La modification de l'annexe VI de la Convention internationale pour la prévention de la pollution par les navires (Marpol) avait alimenté bien des débats tout au long de l’année 2019, en amont de l’introduction, notamment sur sa pertinence et efficacité, anticipant une déroute totale qui n’a pas eu lieu. La flambée des combustibles de soute s’est produite par à-coups mais rien en comparaison des niveaux de volatilité atteints depuis l’invasion de la guerre en Ukraine. La disponibilité du fuel à très faible teneur en soufre (VLSFO) pour respecter la nouvelle limite n’a pas posé de problèmes particuliers et représente aujourd’hui les ¾ des ventes mondiales de carburants.
Des scrubbers, objets de discorde
La qualité était une autre préoccupation sachant que les raffineries sont autorisées à mélanger du fuel à forte teneur en soufre (non conforme) et à basse teneur en soufre tandis que des additifs peuvent être ajoutés pour améliorer d'autres propriétés, comme le pouvoir lubrifiant. Les exploitants de navires ont notamment exprimé des inquiétudes quant aux dommages sur les moteurs ou sur les performances du navire. L'OMI indique n'avoir reçu aucun rapport sur des problèmes de sécurité liés au VLSFO en 2020 et 2021.

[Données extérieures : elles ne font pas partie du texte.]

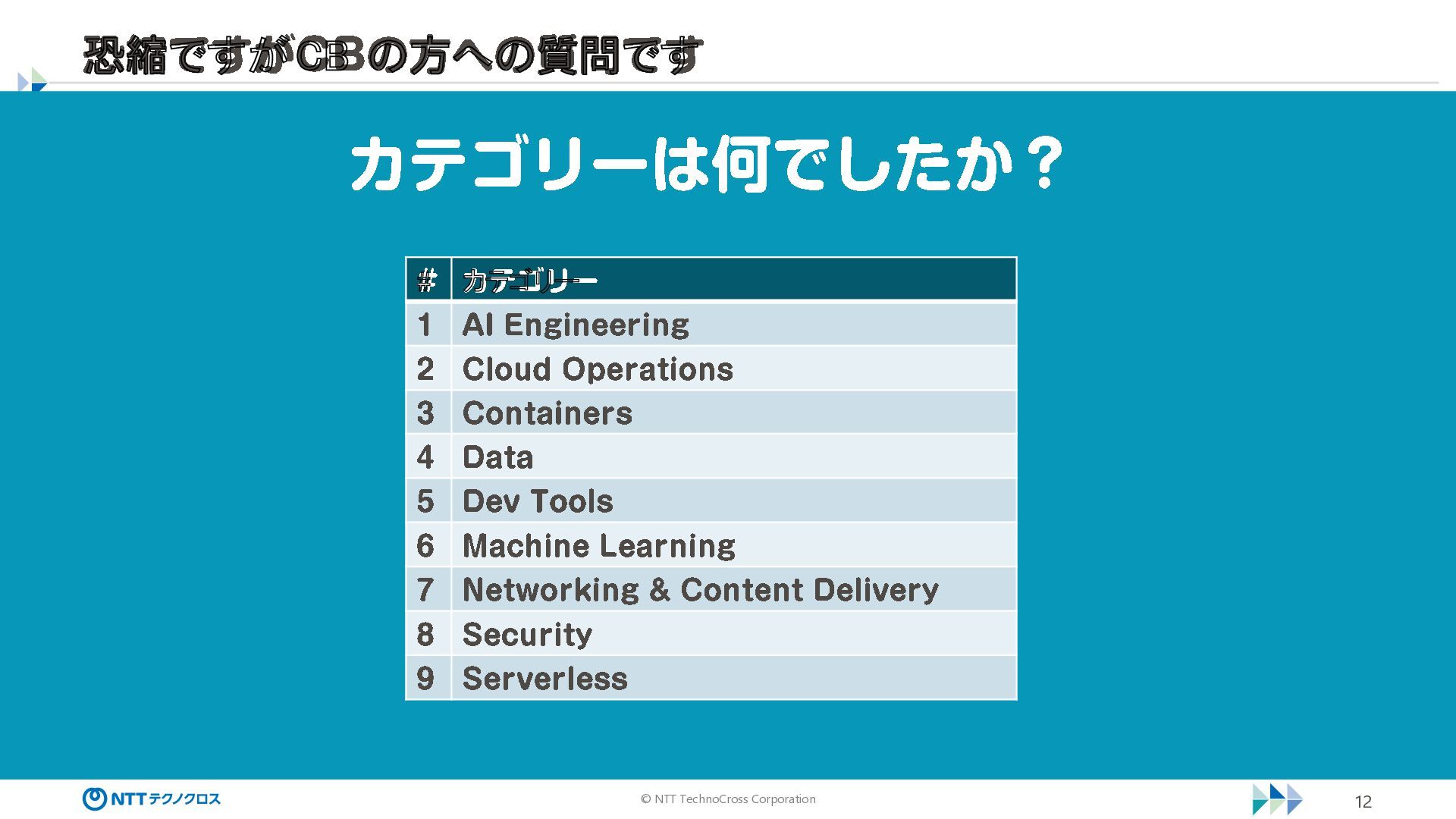 © NTT TechnoCross Corporation 12 カテゴリーは何でしたか? # カテゴリー 1 AI

Le scrubber a été un autre sujet de tension. Le dispositif qui permet d’épurer les gaz d’échappement des moteurs reste un sujet. La règle 4 de l'annexe VI de la convention Marpol autorise l’usage d’un fuel lourd à condition que les navires en soient équipés. Or, quand ils sont utilisés en boucle dite ouverte, ils ajoutent de l'eau aux gaz d'échappement, ce qui transforme les oxydes de soufre en sulfates/acide sulfurique, rejetés en mer. Le sujet dit du « rejet des eaux de lavage » continue d’animer les débats à l’OMI, qui recommande les dispositifs à boucle fermée. Ces derniers garantissent le stockage des résidus à bord et un traitement à terre dans des filières de valorisation. Mais ils sont plus complexes à opérer pour les exploitants de navires.

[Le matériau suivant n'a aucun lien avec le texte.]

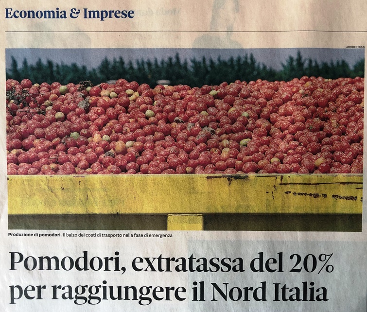 - la logistica ha subito degli incrementi di prezzo spaventosi (vedi titolo de Il Sole 24 ore del 15 aprile sotto)

Certains États membres de l'OMI les ont interdit dans leurs eaux territoriales.
Création d’une ECA en Méditerranée
En juin, le 78e Comité de la protection du milieu marin de l'OMI (MEPC 78) a validé la création d’une zone ECA en Méditerranée à partir de 2025 pour les émissions d'oxyde de soufre (SOx) ainsi que les amendements proposés à l'annexe VI de Marpol, en vue de leur adoption par le MEPC 79, qui désigneront la Grande Bleue, dans son ensemble, comme une ECA pour les oxydes de soufre et les particules.
Une étude sur les impacts pour la santé humaine des émissions de SOx générées par les navires, soumise au Comité de protection du milieu marin (MEPC) de l'OMI en 2016 par la Finlande, a estimé qu'en ne réduisant pas la limite du soufre partir de 2020, elles provoqueraient quelque 570 000 décès prématurés supplémentaires dans le monde entre 2020 et 2025.

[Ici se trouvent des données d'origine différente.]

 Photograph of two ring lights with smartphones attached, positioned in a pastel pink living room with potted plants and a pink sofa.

Pour rappel, le contrôle de la conformité et l'application de la nouvelle limite relèvent de la compétence des États du pavillon (l'État d'immatriculation d'un navire) et les États du port.
A.D.
* Les quatre ECA sont : la mer Baltique, la mer du Nord, l'Amérique du Nord (couvrant des zones côtières désignées au large des États-Unis et du Canada) et les Caraïbes (autour de Porto Rico et des îles Vierges américaines).